Abstract
Medical artificial intelligence (MAI) is artificial intelligence (AI) applied to the healthcare field. AI can be applied to many different aspects of genetics, such as variant classification. With little or no prior experience in AI coding, we share our experience with variant classification using the Variant Artificial Intelligence Easy Scoring (VARIES), an open-access platform, and the Automatic Machine Learning (AutoML) of the Google Cloud Platform.

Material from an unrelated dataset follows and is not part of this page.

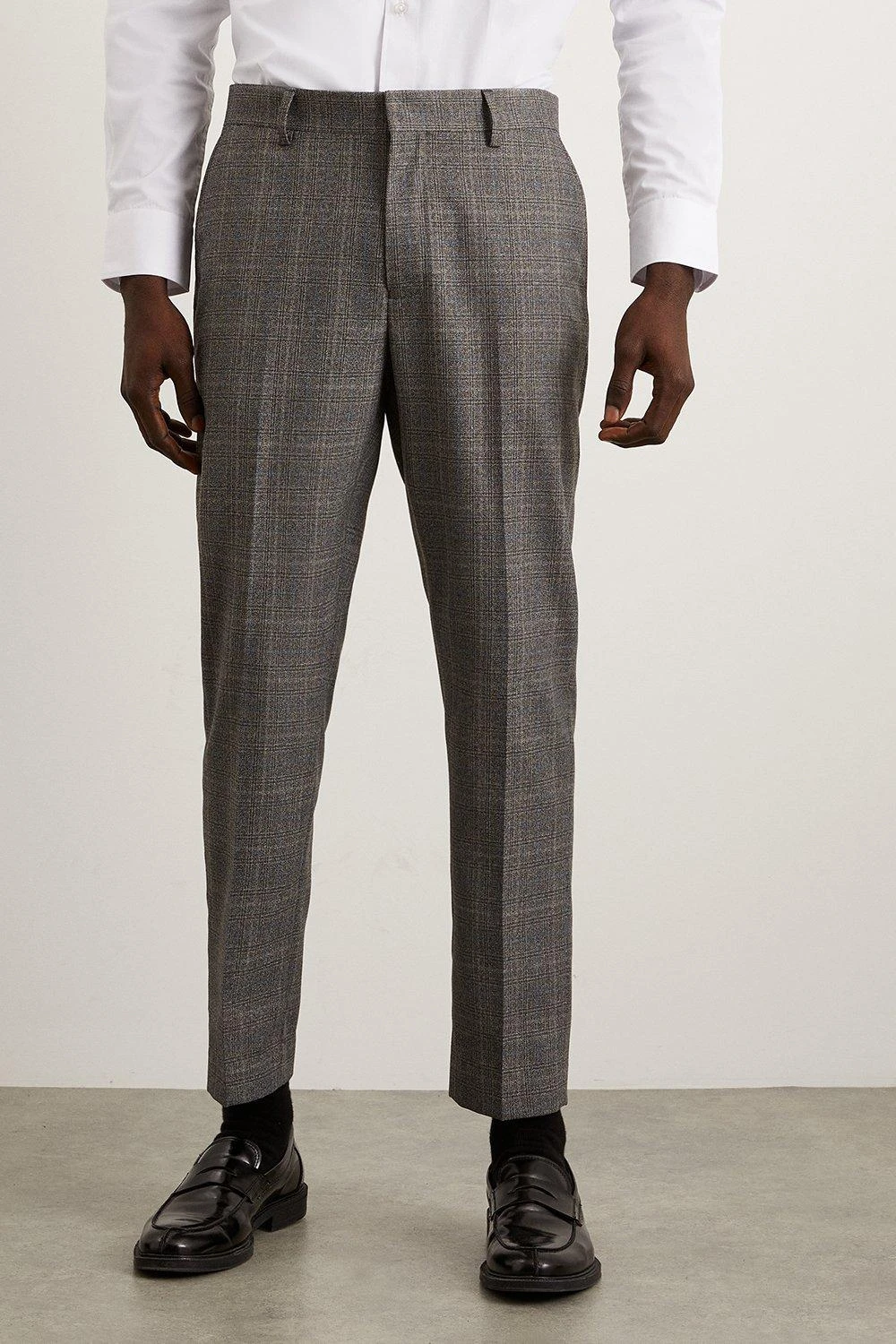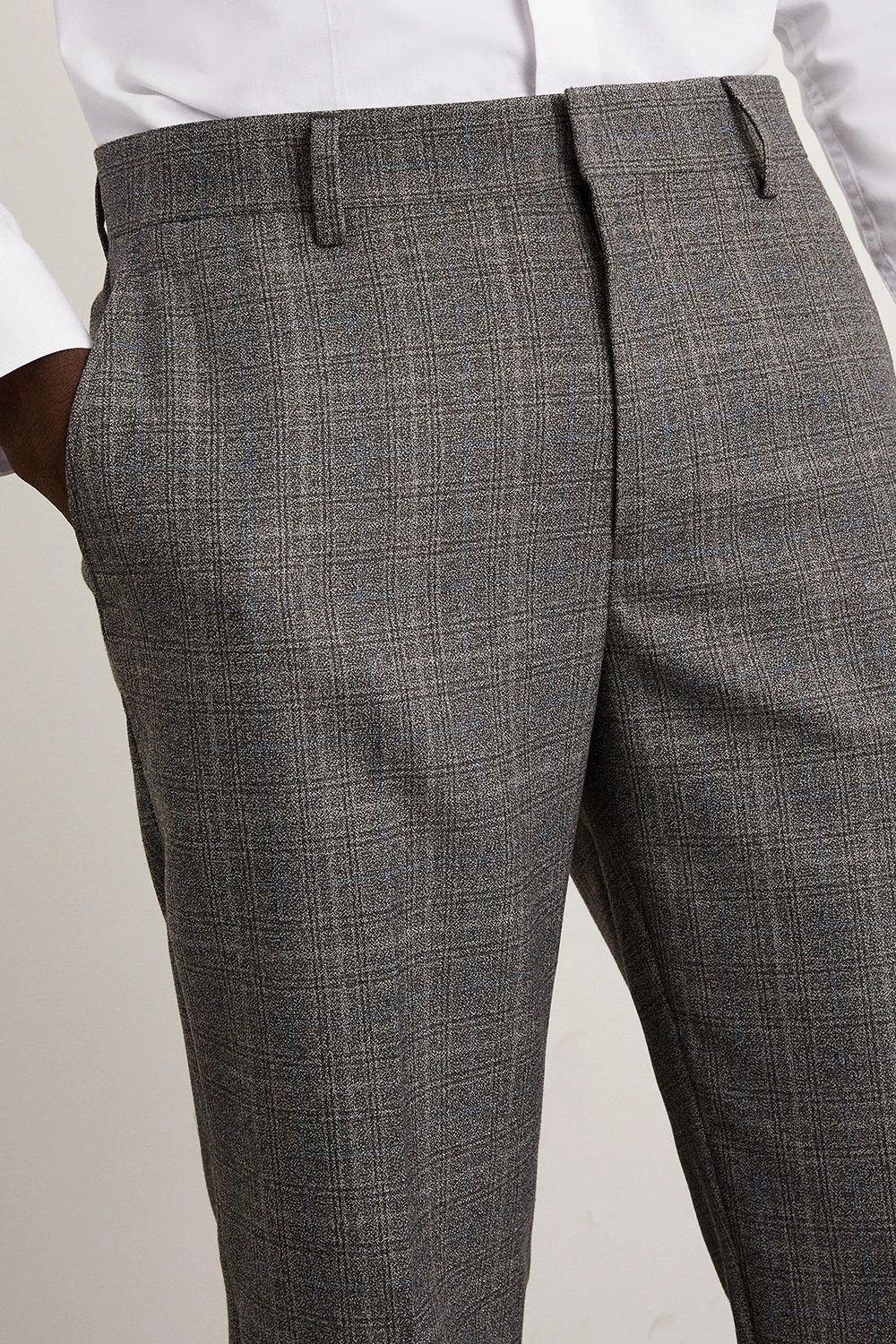 Established back in 1904, we’ve been providing you with great British style and timeless tailoring ever since. Featuring single and double breasted styles as well as classic and modern fits and patterns, our collection of mens suits will keep you on-trend with sharp tailoring, from season to season. Whether you’re suiting up for important meetings or you’ve got a special occasion coming up, we’ve got you sorted.Style: Skinny Grey Blue Highlight Check Suit TrouserLength: Approx. 77cmFit: SkinnyIdeal for: Smart

We investigated exome sequencing data from a sample of 1410 individuals. The majority (80%) were used for training and 20% for testing. The user-friendly Google Cloud Platform was used to create the VARIES model, and the TRIPOD checklist to develop and validate the prediction model for the development of the VARIES system.
The learning rate of the training dataset reached optimal results at an early stage of iteration, with a loss value near zero in approximately 4 min. For the testing dataset, the results for F1 (micro average) was 0.64, F1 (macro average) 0.34, micro-average area under the curve AUC (one-over-rest) 0.81 and the macro-average AUC (one-over-rest) 0.73. The overall performance characteristics of the VARIES model suggest the classifier has a high predictive ability.
We present a systematic guideline to create a genomic AI prediction tool with high predictive power, using a graphical user interface provided by Google Cloud Platform, with no prior experience in creating the software programs required.
•VARIES SYSTEM for the purpose of variant classification with minimal or no prior expertise in AI, using auto-machine learning (AutoML).•VARIES could assist in lowering and filtering out the number of B and LB variants that would require manual curation by approximately 94% and 16%.•VARIES can build different prediction models from the same dataset. For example, a model that can predicts family information, HPO, or even family relatedness.